It is a  term to describe the changed orientation that CreaTures’ transformations would lead to. Being Creaturely is to be alive to possibility. 

With the clear failures of leadership in addressing climate change and other ecological crises, a crucial task before us is to change how we dwell in the world. There  is an urgent need to understand  how to imagine and enact cultural change.  Change that enables us to find meaning in care and fairness, not consumption and acquisition. This asks more of us than just adopting sustainable behaviour. Instead, it requires us to think and act ‘eco-socially’. This also means foregrounding climate justice and the protection of ecologies, as well as a commitment to solidarity and compassion across species. The CreaTures transformative practices encourage this creaturely-ness. Being creaturely incorporates our understanding of eco-social change: it is post-capitalist, playful, more-than-human and fundamentally relational. It embodies change, recognizing the importance of our bodies, our emotions and ‘sentipensar’ (a term coined by Colombian sociologist Orlando Fals Borda to express a holistic, inclusive way of engaging through feeling-thinking). Creaturely ways of doing aim at capturing the paradoxical connectedness and separateness of being alive, at enabling us to become the change we want to see.
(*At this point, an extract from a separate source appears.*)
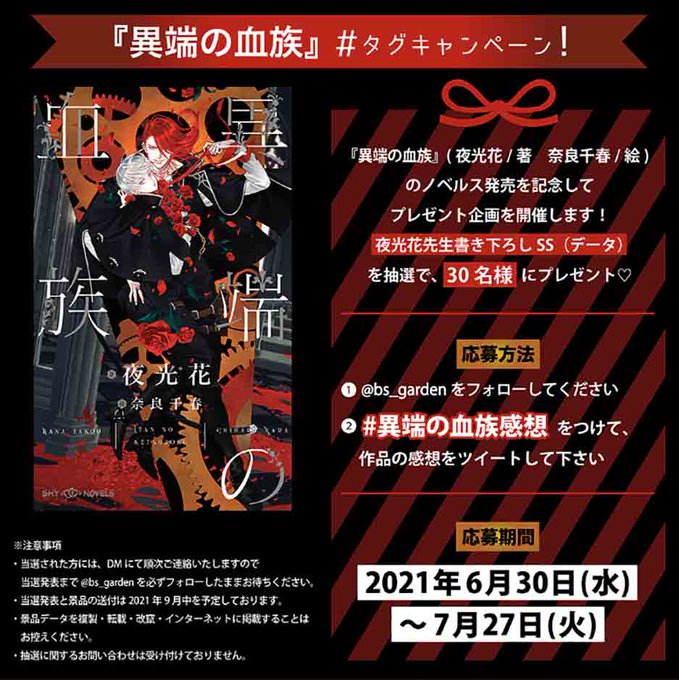#異端の血族感想 をつけて作品の感想をツイートくださった方から、夜光花先生書き下ろしSS(データ)を抽選で30名様にプレゼント🎁明日、最終日です!

Given the struggle for language that talks of changing/changed ways of being, we offer creaturely as a placeholder for more gentle, connected, pluralist and life-focused ways of doing, being and making. The term is an adverb, not a noun — it points to a way, not a state. Where it’s etymology points to something ‘created [by God]’, here we stress something that has a spark of life of its own. We do not mean it to refer only to animals, but to all instances of life and being.  

The CreaTures research has been undertaken in this creaturely spirit. Multiple intellectual strands have been woven tightly together through an interdependence between ideas, processes and members. It involved an ambitious plan for the co-creation of research between academic and practitioner partners, as well as recognising the whole person as researcher and learner (and with no expectation for emotional objectivity to accompany professional analytic objectivity). It is based upon a rhetoric of care, a resistance to abstraction for the sake of it and to extractive practices that give nothing back; and sought to produce analyses that are deeply situated and contextualized in the richness of our worlds. The aggregation of our action research leads to more than the sum of its parts.